The track follows the northern mountainside over scree. Easy to hike. Only once it joins the blue/white track for the last 200 metres, a bit of rock scrambling is necessary to get to the top, which I reach shortly before 08:00. Again, nothing difficult, still: better hold on tight! It is a long way down.
However, the 360 degrees views from Piz Lunghin are spectacular, ranging from Bregalia all the way to Pontresina with the mighty Bernina in the background dominating the scenery.
I’m absorbing the views, have the mountain for myself and not in a hurry to climb back down.
About half an hour later, I’m scrambling down, leaving the official trail again to get my pack. A short hike takes me to Fuorcla Lunghin. Nothing special about that saddle if it was not for the water divide. A drop of water might either join the Inn, ending up in the Black Sea, flowing down the Rhine towards the North Sea or heading south into the Mediterranean Sea.
From the pass, it’s a one hour descent to Septimerpass, easy going even a bit boring. I spend the time talking to a couple that also camped near Lägh Lunghin. They are tramping in the Alps for several days (lucky them!) and heading to Vicosoprano. During the descent, I’m able to spot Forcellina, pass number three for me today. The 1-hour climb up there isinitially through alpine pasture, passing some alpine tarns than into scree. The trail gets busy. Talking to some of the hikers, I find out they mostly hike from Juf to Maloja. Seems to be a popular route. My legs feel tired so I take another rest on top before continuing to Uf da Flüe. Once I leave the trail leading to Juf, going gets a bit rougher. The climb up to Uf da Flüe is steep, a trail mostly non-existent. After enjoying the view for a while, I set off for the Flüeseen, my campspot for the night. Initially I’m continuing along the non-existent trail before joining the Walserweg, which takes me to the Flüeseen. It’s only 15:00 so I decide to explore the area called Seeflüe a bit, which turns out to be quite interesting. Especially the area around Fallerfurgga (which I should cross again tomorrow) leaves a very wild impression. After having afternoon tea at a small, unnamed lake I had back to the Flüeseen and pitching my tent. Compared to yesterday, it’s a warm, pleasant evening. I take some photos of the scenic flat before cooking some Couscous. Haven’t eaten it since New Zealand. Quite a shame since it’s so light to carry yet so tasty. Well after a long day with lots of hiking, most things taste like cooked from a pro :D
Once the sun sets, it’s getting cold pretty fast. The sign to go slip into my sleeping bag. The moon is shining bright. In fact it turned into a bright orange when I wake up shortly past four in the morning. Even though it’s freezing cold, I force myself out of the sleeping bag to snap some photos. Looking at the photo below, I think the effort is well worth it!

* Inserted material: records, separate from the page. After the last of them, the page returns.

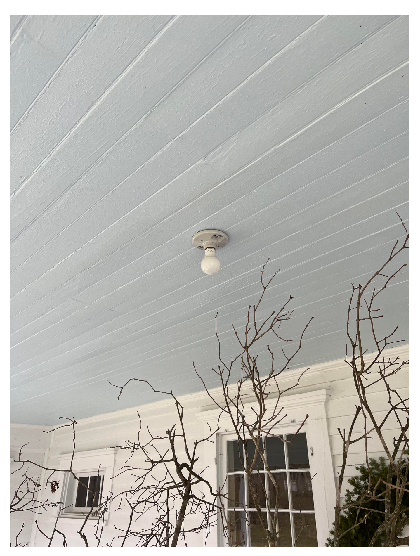
Existing Exposed Bulb Socket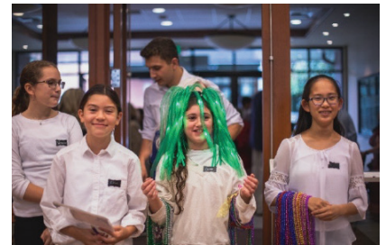
Our dedicated volunteers make our Gala possible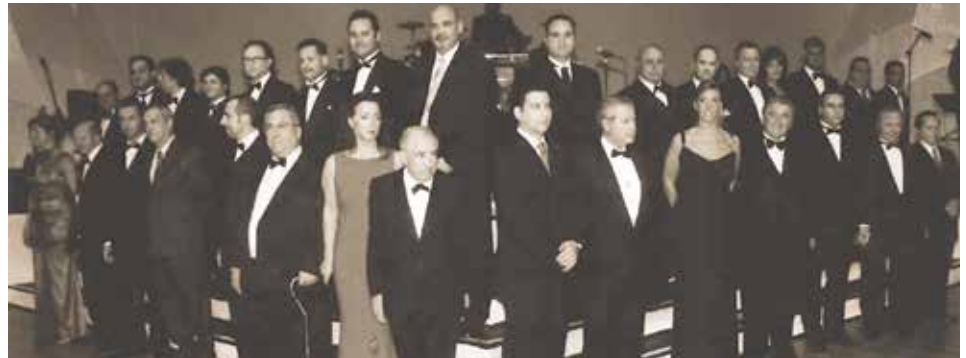
New Governors and Successors introduced at the 2004 Governors' Ball

Governors are invited to an annual Donor Recognition Cocktail held during the holiday period.

From Marmorera, only two busses a day leave back to the Engadin. One at 10:30 the other one in the late afternoon. Because there are still are some things I need to do at home, I decide to catch the former, meaning I have to leave at around 06:00, initially up to Fallerfurgga again, where, due to the wind-chill, it’s even colder. Still, I take some more photos before starting the long descent to Tga. Scree and the odd snowfield as well as a river crossing make the descent interesting but also a bit slow going. Once I reach the Alpine pasture, going gets easier and the temperatures more pleasant. Progress is better than expected and once I’m sure I will be at the Marmorera Dam well ahead of 10:30 I slow down a little. I leave the Walserweg and ascent towards Tgarnet to avoid some impressive steep drops. A last short climb takes me up to the Dam. Unfortunately, a sign prohibits swimming. Understandable but it would have been an nice end of a very enjoyable hike.